### Work instructions
In the entries below, find the line with "Der österreichische klimaaktiv-Gebäudestandard" and the line with "Eastern Ground Model (EGM) was", then retype both and everything between them exactly. Do not copy the pictures.

### Records supplied

== == ==

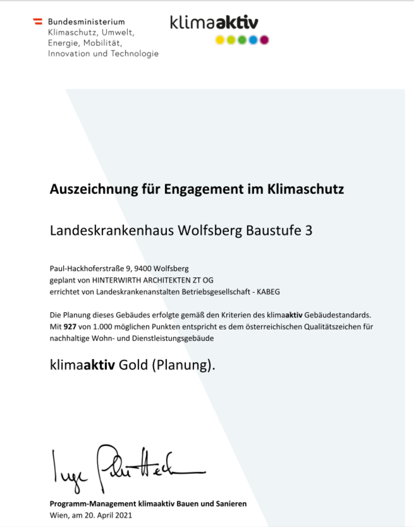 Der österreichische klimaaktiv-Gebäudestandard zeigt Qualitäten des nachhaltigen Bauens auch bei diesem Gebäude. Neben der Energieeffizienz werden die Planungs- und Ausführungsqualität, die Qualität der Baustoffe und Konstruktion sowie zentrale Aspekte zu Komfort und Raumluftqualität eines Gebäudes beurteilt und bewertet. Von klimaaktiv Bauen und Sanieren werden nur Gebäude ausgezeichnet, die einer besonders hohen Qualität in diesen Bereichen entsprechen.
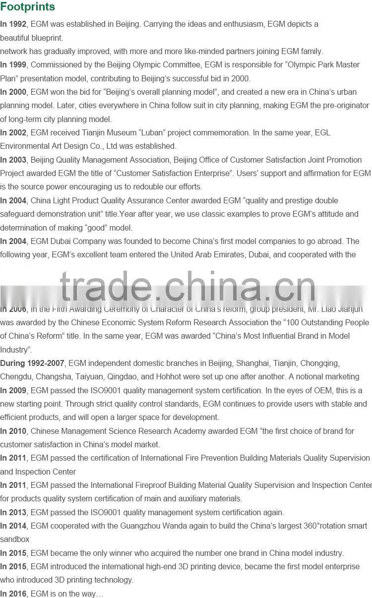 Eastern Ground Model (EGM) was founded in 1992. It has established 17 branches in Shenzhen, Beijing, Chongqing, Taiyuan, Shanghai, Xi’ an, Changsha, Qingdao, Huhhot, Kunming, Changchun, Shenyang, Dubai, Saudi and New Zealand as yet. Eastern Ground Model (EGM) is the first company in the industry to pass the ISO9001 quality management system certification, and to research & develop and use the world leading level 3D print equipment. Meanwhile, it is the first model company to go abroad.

== == ==

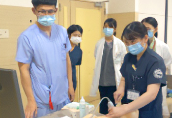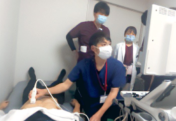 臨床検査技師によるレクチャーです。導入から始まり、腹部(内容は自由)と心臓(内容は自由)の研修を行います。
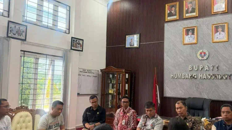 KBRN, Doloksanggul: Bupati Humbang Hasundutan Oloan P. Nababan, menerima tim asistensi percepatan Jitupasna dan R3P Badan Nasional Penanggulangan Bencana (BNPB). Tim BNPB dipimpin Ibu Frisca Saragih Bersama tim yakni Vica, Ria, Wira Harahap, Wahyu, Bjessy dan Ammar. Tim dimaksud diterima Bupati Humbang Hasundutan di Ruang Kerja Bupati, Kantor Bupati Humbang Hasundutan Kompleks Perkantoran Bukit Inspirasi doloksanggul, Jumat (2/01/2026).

== == ==

### Written reply
 Der österreichische klimaaktiv-Gebäudestandard zeigt Qualitäten des nachhaltigen Bauens auch bei diesem Gebäude. Neben der Energieeffizienz werden die Planungs- und Ausführungsqualität, die Qualität der Baustoffe und Konstruktion sowie zentrale Aspekte zu Komfort und Raumluftqualität eines Gebäudes beurteilt und bewertet. Von klimaaktiv Bauen und Sanieren werden nur Gebäude ausgezeichnet, die einer besonders hohen Qualität in diesen Bereichen entsprechen.
 Eastern Ground Model (EGM) was founded in 1992. It has established 17 branches in Shenzhen, Beijing, Chongqing, Taiyuan, Shanghai, Xi’ an, Changsha, Qingdao, Huhhot, Kunming, Changchun, Shenyang, Dubai, Saudi and New Zealand as yet. Eastern Ground Model (EGM) is the first company in the industry to pass the ISO9001 quality management system certification, and to research & develop and use the world leading level 3D print equipment. Meanwhile, it is the first model company to go abroad.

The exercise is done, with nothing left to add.